ACTION ITEM ->
Your job is to set down the stretch of entries that opens with the line containing "ויטרינה יוקרתית GISELE" and closes with the line containing "Note: Pressure drop". Keep both end lines, copy each exactly, and add nothing.

THE INPUT ->
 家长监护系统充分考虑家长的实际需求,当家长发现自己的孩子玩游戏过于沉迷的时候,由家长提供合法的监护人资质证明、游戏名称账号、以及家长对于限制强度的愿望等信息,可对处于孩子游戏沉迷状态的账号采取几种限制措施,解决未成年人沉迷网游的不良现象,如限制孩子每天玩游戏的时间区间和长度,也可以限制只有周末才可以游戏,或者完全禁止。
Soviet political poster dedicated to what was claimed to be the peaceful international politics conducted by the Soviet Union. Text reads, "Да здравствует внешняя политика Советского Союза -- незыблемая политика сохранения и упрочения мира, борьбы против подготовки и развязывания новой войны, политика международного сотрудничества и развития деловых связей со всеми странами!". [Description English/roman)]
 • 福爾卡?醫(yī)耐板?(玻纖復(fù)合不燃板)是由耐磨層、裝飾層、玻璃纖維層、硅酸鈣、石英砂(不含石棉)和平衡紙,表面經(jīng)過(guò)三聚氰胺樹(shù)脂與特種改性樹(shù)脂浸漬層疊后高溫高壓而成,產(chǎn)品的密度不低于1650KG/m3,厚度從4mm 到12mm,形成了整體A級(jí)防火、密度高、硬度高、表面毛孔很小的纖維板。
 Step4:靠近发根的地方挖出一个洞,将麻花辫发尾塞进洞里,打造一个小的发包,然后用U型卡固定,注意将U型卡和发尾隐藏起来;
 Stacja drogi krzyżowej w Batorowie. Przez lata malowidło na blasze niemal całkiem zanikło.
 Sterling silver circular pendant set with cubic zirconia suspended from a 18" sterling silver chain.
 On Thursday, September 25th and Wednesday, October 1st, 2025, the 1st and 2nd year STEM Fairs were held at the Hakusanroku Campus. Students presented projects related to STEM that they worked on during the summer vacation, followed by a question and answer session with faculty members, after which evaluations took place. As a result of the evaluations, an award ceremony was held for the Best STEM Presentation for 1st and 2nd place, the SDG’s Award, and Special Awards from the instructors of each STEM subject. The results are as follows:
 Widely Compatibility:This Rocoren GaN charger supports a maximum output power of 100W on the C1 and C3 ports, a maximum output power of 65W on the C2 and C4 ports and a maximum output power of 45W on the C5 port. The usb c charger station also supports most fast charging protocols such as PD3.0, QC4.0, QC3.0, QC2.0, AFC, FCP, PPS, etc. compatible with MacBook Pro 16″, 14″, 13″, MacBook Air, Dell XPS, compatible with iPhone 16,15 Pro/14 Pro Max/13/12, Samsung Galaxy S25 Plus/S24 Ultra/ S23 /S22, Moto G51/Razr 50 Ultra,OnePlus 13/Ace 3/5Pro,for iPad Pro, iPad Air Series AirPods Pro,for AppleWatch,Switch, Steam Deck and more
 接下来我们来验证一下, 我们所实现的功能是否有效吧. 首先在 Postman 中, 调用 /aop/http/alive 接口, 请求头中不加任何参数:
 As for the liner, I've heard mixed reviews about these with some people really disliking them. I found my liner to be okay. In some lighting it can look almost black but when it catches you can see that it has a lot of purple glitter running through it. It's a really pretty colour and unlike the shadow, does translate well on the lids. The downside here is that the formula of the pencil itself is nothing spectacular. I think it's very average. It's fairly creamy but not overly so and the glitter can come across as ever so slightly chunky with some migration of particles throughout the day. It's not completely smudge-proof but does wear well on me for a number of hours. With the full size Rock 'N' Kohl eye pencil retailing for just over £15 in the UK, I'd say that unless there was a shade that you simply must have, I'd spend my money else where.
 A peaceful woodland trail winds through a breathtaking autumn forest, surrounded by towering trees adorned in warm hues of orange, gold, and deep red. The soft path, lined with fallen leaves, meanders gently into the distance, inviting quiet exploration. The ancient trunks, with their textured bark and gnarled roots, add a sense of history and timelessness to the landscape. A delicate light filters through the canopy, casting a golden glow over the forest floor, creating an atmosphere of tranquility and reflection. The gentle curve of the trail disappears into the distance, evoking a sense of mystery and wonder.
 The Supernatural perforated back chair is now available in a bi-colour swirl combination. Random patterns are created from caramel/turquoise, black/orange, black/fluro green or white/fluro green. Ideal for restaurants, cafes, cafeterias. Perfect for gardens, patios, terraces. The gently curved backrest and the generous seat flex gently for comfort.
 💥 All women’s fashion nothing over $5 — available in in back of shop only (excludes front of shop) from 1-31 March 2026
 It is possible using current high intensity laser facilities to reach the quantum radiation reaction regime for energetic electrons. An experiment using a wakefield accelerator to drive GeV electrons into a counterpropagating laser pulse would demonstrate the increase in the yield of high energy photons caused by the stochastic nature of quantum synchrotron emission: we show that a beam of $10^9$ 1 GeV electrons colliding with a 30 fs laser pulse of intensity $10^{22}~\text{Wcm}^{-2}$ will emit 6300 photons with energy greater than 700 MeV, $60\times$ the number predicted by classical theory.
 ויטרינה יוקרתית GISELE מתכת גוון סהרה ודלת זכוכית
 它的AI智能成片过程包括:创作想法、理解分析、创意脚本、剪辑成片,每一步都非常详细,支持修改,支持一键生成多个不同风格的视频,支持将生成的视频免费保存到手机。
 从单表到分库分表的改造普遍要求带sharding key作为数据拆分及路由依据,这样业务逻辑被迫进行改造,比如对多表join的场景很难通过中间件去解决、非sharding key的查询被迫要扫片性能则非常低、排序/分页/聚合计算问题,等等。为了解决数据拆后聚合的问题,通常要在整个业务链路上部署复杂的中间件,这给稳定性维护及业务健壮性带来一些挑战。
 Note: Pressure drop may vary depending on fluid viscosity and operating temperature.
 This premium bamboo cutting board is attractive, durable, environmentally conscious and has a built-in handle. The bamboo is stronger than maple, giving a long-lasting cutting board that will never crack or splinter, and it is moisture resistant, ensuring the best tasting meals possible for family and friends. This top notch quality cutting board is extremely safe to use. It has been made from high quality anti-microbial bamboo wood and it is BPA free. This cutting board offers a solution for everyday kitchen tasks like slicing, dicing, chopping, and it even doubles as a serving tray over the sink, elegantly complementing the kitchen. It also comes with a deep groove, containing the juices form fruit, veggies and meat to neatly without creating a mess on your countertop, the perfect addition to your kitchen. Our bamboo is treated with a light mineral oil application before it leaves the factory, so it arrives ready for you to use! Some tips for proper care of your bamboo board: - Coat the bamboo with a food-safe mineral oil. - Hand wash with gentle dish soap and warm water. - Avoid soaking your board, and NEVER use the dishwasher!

EXERCISE RESPONSE ->
 ויטרינה יוקרתית GISELE מתכת גוון סהרה ודלת זכוכית
 它的AI智能成片过程包括:创作想法、理解分析、创意脚本、剪辑成片,每一步都非常详细,支持修改,支持一键生成多个不同风格的视频,支持将生成的视频免费保存到手机。
 从单表到分库分表的改造普遍要求带sharding key作为数据拆分及路由依据,这样业务逻辑被迫进行改造,比如对多表join的场景很难通过中间件去解决、非sharding key的查询被迫要扫片性能则非常低、排序/分页/聚合计算问题,等等。为了解决数据拆后聚合的问题,通常要在整个业务链路上部署复杂的中间件,这给稳定性维护及业务健壮性带来一些挑战。
 Note: Pressure drop may vary depending on fluid viscosity and operating temperature.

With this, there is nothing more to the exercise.